Supplied records:
----

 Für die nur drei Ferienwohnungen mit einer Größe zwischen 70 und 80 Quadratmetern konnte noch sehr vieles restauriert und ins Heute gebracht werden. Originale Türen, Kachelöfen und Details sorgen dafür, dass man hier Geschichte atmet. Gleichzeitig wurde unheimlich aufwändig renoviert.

----

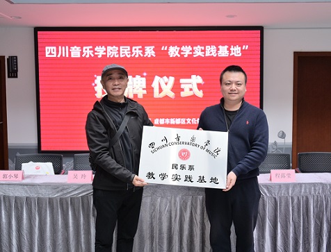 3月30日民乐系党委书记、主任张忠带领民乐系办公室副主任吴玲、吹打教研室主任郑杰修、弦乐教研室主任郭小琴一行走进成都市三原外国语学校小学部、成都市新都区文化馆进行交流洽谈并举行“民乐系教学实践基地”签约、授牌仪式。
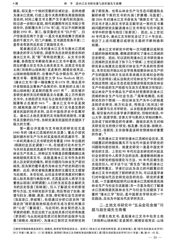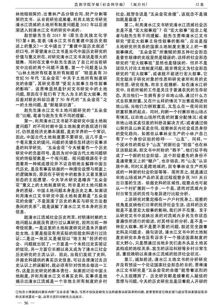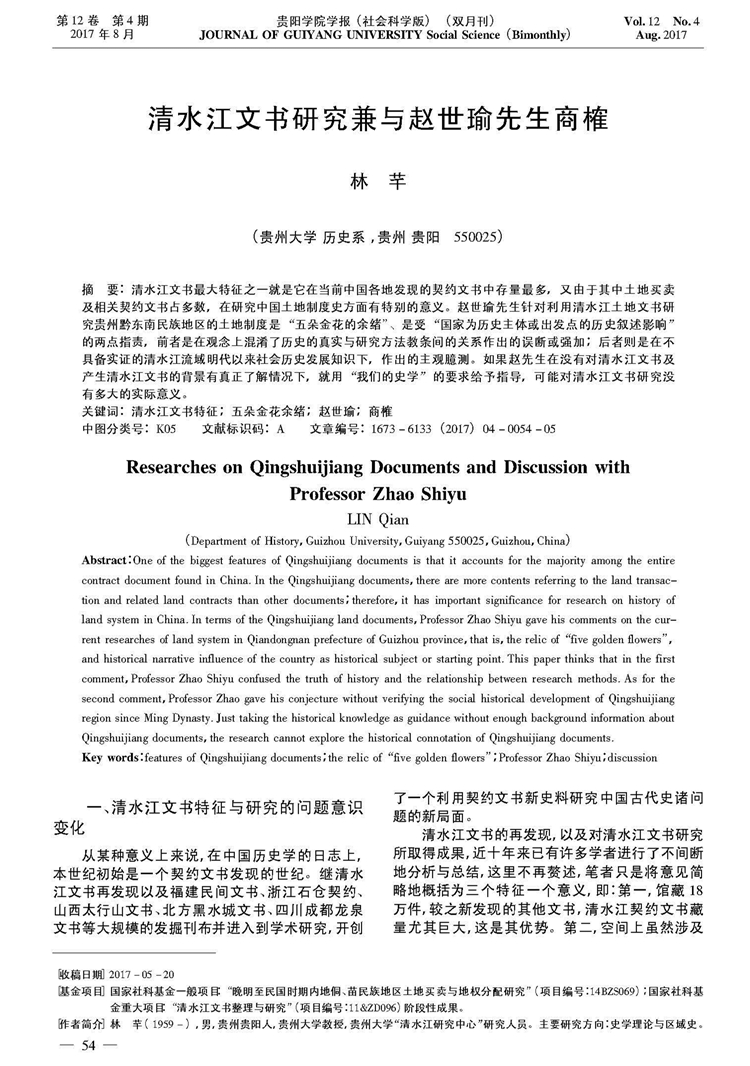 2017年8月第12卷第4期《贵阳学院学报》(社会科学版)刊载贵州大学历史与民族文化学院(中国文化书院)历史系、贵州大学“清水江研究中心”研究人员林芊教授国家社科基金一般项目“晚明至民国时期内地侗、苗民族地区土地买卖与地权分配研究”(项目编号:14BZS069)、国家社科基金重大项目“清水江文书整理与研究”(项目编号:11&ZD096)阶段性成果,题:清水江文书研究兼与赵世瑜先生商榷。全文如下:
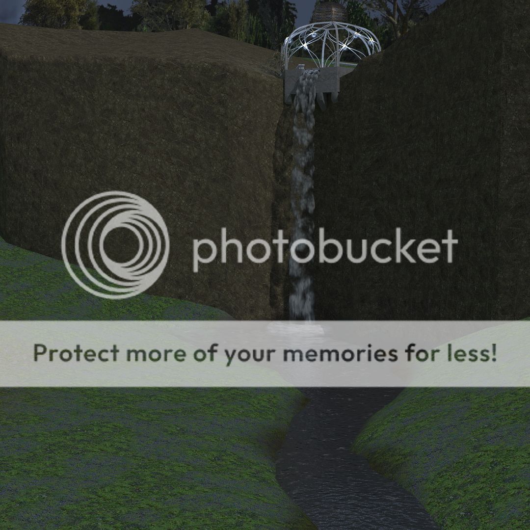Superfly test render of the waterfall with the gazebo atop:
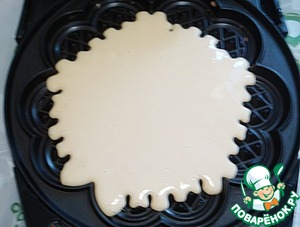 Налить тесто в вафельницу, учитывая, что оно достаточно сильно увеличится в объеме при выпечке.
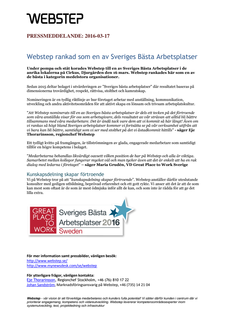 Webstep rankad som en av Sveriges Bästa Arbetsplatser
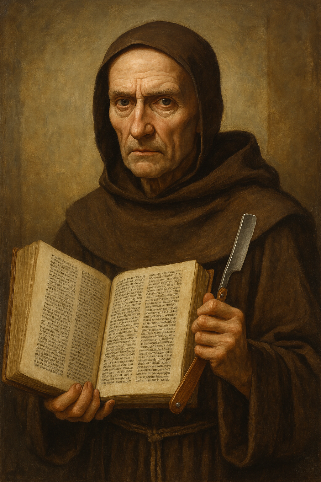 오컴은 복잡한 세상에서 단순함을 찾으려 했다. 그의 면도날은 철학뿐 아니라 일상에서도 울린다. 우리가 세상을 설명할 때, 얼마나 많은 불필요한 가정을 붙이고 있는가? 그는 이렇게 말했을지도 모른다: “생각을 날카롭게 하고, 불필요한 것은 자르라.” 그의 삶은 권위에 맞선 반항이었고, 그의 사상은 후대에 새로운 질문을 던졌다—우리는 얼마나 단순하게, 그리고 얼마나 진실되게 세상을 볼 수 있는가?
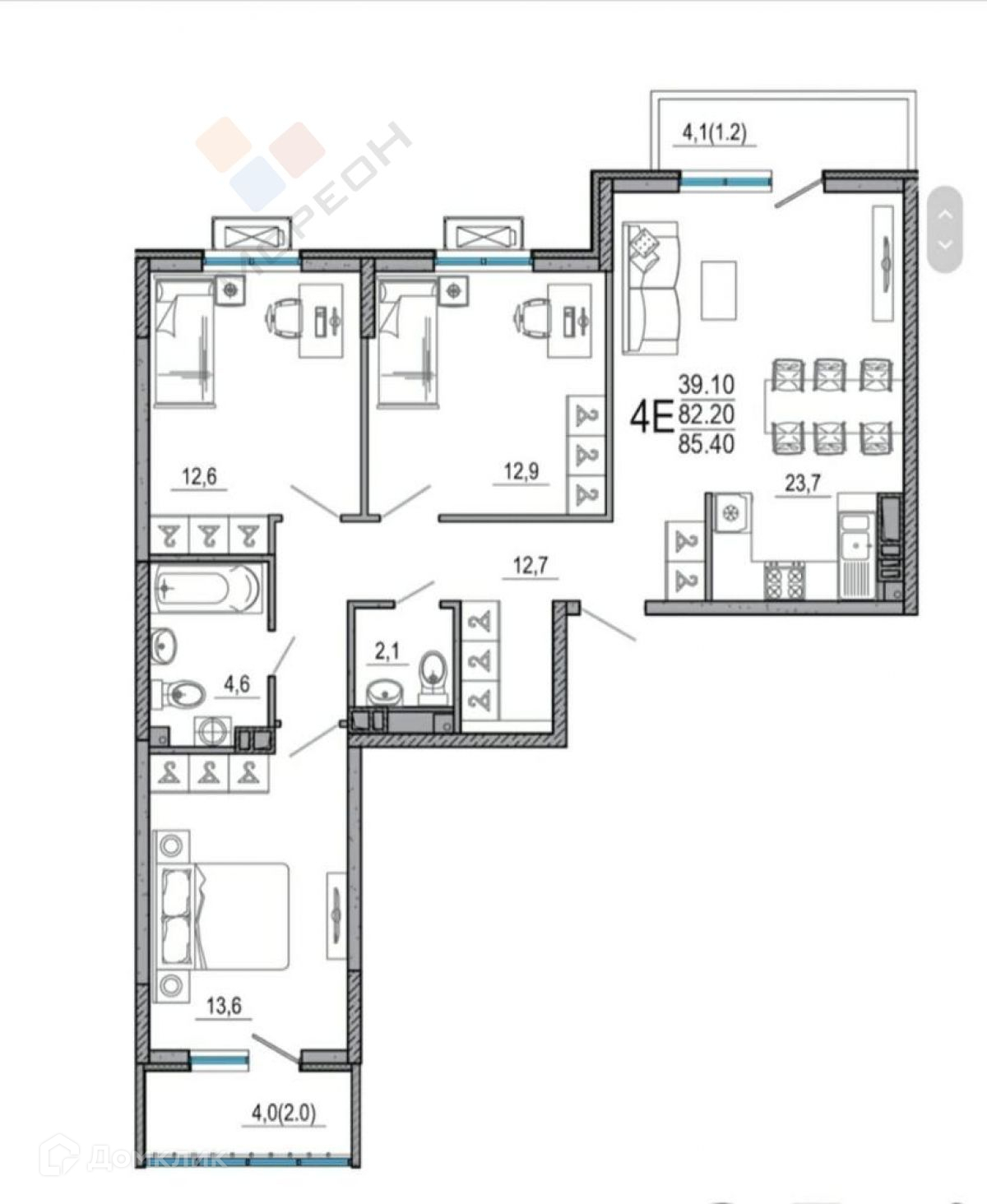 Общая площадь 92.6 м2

----

Only the lines between the one with "2017年8月第12卷第4期" and the one with "Общая площадь 92.6 м2", those two included, get copied from the material above. Keep it exact and free of pictures.

 2017年8月第12卷第4期《贵阳学院学报》(社会科学版)刊载贵州大学历史与民族文化学院(中国文化书院)历史系、贵州大学“清水江研究中心”研究人员林芊教授国家社科基金一般项目“晚明至民国时期内地侗、苗民族地区土地买卖与地权分配研究”(项目编号:14BZS069)、国家社科基金重大项目“清水江文书整理与研究”(项目编号:11&ZD096)阶段性成果,题:清水江文书研究兼与赵世瑜先生商榷。全文如下:
Superfly test render of the waterfall with the gazebo atop:
 Налить тесто в вафельницу, учитывая, что оно достаточно сильно увеличится в объеме при выпечке.
 Webstep rankad som en av Sveriges Bästa Arbetsplatser
 오컴은 복잡한 세상에서 단순함을 찾으려 했다. 그의 면도날은 철학뿐 아니라 일상에서도 울린다. 우리가 세상을 설명할 때, 얼마나 많은 불필요한 가정을 붙이고 있는가? 그는 이렇게 말했을지도 모른다: “생각을 날카롭게 하고, 불필요한 것은 자르라.” 그의 삶은 권위에 맞선 반항이었고, 그의 사상은 후대에 새로운 질문을 던졌다—우리는 얼마나 단순하게, 그리고 얼마나 진실되게 세상을 볼 수 있는가?
 Общая площадь 92.6 м2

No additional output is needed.